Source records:
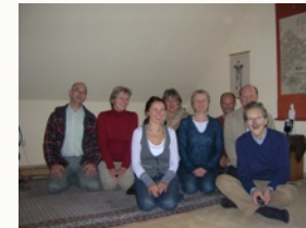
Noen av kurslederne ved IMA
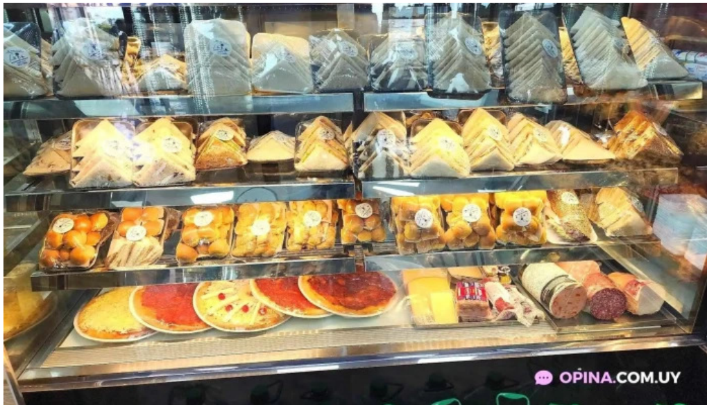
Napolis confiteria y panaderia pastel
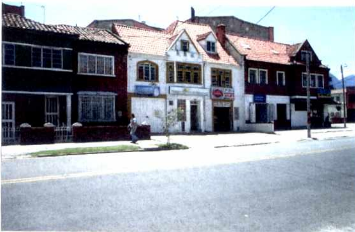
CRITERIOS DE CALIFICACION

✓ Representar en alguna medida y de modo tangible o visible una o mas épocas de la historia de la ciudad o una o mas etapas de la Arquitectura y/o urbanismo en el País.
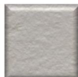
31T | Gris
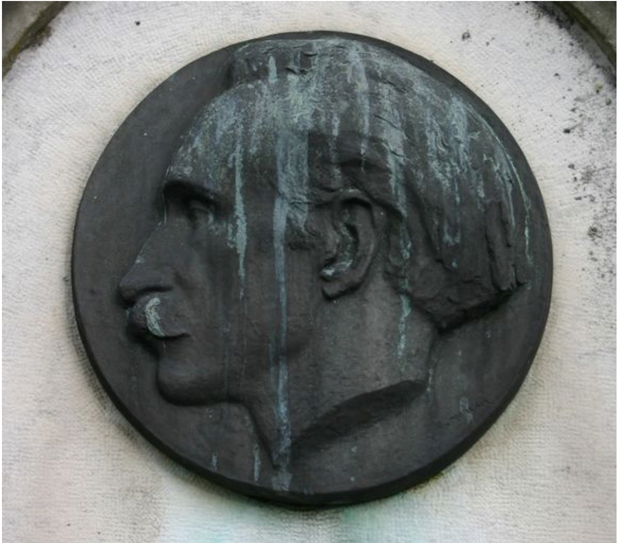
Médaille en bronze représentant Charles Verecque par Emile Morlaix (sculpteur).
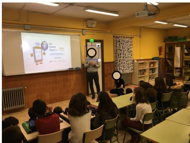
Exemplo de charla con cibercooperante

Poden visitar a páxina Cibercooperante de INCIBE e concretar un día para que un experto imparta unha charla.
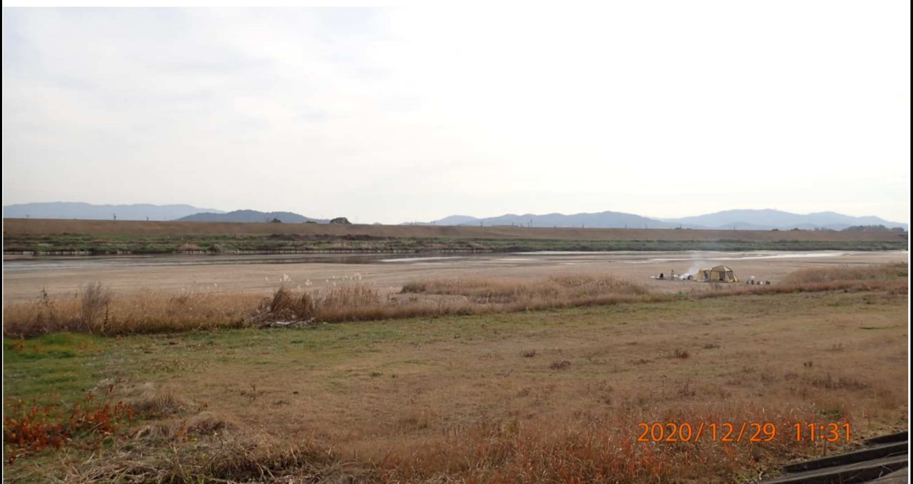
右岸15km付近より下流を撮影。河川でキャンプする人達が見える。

...

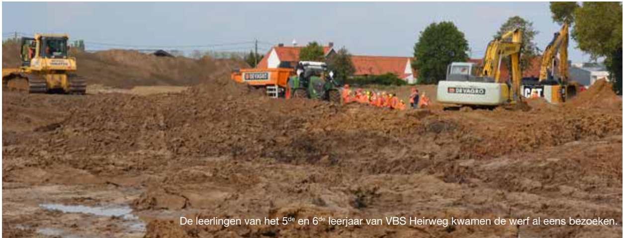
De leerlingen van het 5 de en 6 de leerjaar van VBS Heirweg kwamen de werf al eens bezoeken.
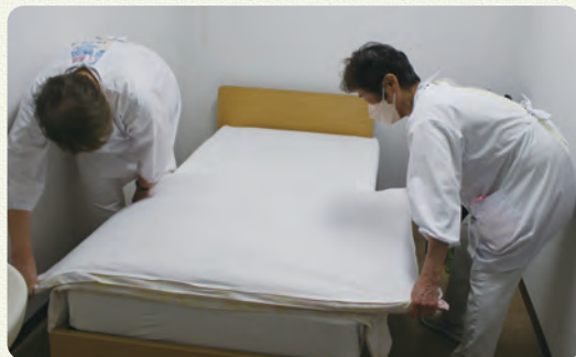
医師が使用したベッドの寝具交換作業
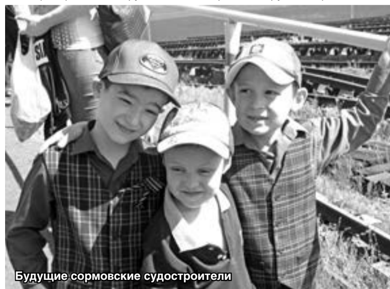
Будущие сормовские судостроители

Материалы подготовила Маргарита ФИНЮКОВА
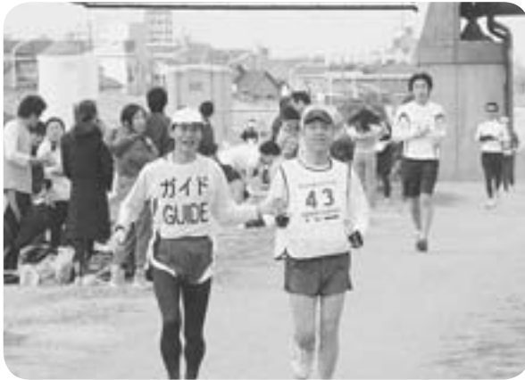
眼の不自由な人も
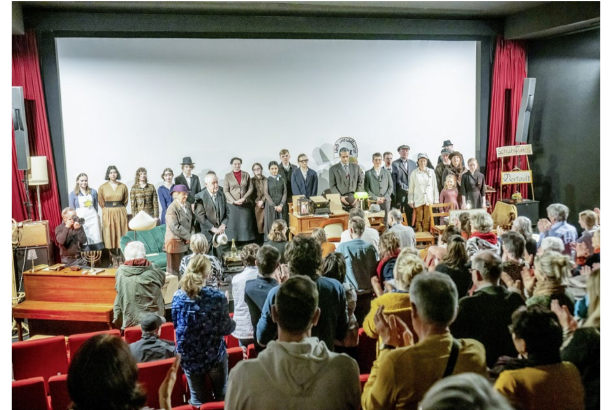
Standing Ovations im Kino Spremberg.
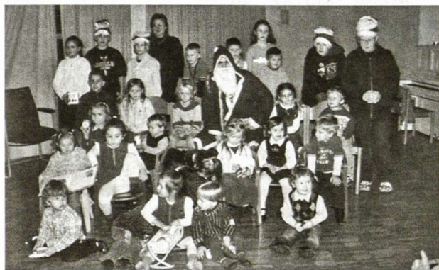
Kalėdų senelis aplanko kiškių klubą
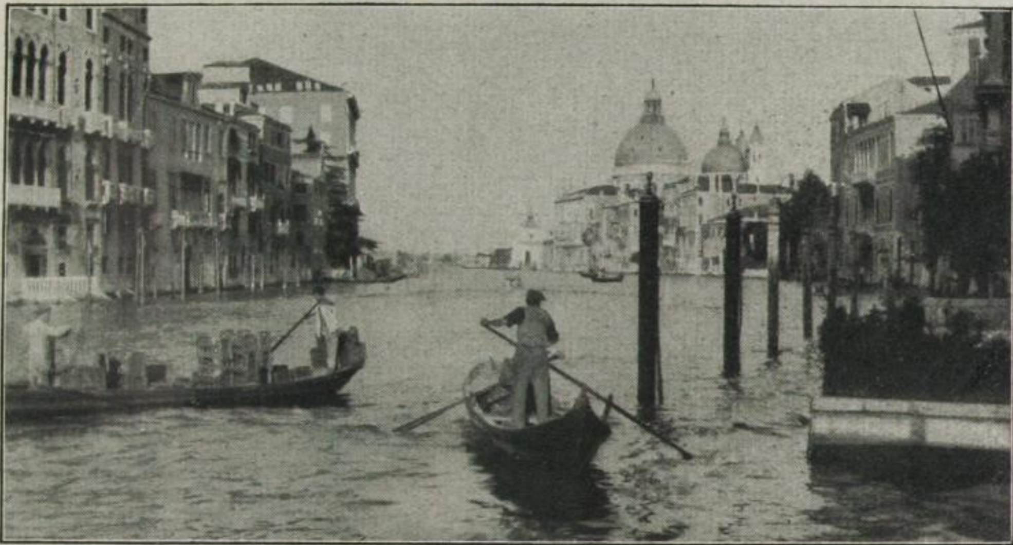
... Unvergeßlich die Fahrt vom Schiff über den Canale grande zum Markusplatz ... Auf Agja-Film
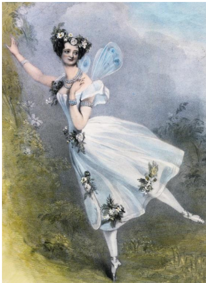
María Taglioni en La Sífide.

* * *

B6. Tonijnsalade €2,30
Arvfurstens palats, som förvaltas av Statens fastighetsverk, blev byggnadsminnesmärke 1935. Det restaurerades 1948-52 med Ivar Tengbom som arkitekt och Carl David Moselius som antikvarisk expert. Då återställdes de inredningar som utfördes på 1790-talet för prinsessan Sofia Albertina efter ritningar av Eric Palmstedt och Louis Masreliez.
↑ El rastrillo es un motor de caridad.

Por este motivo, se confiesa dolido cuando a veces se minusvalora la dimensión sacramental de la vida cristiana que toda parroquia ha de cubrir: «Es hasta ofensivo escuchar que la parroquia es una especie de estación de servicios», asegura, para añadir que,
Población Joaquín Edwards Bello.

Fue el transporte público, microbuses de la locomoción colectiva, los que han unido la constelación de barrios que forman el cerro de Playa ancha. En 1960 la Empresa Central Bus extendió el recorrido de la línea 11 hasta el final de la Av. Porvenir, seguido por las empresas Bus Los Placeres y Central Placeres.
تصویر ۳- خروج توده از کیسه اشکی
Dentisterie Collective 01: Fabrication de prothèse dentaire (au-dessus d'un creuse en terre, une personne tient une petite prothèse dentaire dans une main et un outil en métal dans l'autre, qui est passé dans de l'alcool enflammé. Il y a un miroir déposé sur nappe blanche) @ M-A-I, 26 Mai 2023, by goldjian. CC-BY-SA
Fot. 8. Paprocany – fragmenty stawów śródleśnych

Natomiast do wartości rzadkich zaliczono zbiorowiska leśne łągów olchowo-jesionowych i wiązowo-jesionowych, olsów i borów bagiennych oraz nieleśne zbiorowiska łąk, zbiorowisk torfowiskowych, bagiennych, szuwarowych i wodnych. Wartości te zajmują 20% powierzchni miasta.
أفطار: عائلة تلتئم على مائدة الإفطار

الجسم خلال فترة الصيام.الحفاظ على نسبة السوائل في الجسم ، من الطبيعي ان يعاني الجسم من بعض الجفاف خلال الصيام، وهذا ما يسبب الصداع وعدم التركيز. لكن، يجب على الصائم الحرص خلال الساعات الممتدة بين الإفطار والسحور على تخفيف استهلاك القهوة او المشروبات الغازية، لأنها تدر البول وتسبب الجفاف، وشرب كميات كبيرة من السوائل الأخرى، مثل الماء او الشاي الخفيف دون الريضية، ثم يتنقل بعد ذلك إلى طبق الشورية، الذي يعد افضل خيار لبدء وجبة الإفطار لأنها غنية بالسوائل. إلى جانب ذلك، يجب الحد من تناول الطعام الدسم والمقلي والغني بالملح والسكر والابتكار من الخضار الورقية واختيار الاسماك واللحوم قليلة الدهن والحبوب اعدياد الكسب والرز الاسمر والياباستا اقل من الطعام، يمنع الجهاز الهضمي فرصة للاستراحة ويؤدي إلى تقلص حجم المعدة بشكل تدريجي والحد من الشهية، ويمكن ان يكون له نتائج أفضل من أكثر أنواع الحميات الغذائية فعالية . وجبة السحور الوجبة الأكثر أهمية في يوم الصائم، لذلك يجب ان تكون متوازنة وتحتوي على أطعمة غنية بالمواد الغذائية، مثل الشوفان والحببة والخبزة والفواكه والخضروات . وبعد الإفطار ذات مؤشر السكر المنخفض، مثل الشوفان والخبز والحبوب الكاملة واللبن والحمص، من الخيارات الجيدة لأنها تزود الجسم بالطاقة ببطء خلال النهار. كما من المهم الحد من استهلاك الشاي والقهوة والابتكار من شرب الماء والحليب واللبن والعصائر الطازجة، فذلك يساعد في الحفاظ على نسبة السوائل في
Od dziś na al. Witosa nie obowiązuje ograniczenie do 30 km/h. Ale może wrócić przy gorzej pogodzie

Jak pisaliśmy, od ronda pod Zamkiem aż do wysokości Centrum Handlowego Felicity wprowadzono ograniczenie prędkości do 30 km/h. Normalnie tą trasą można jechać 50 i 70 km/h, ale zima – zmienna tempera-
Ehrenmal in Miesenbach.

WHAT NEEDS TO BE DONE: From the records above, copy exactly the stretch from the line holding "Poden visitar a" through the line holding "右岸15km付近より下流を撮影。河川でキャンプする人達が見える。", both ends included, without the pictures.

TASK SOLUTION:
Poden visitar a páxina Cibercooperante de INCIBE e concretar un día para que un experto imparta unha charla.
右岸15km付近より下流を撮影。河川でキャンプする人達が見える。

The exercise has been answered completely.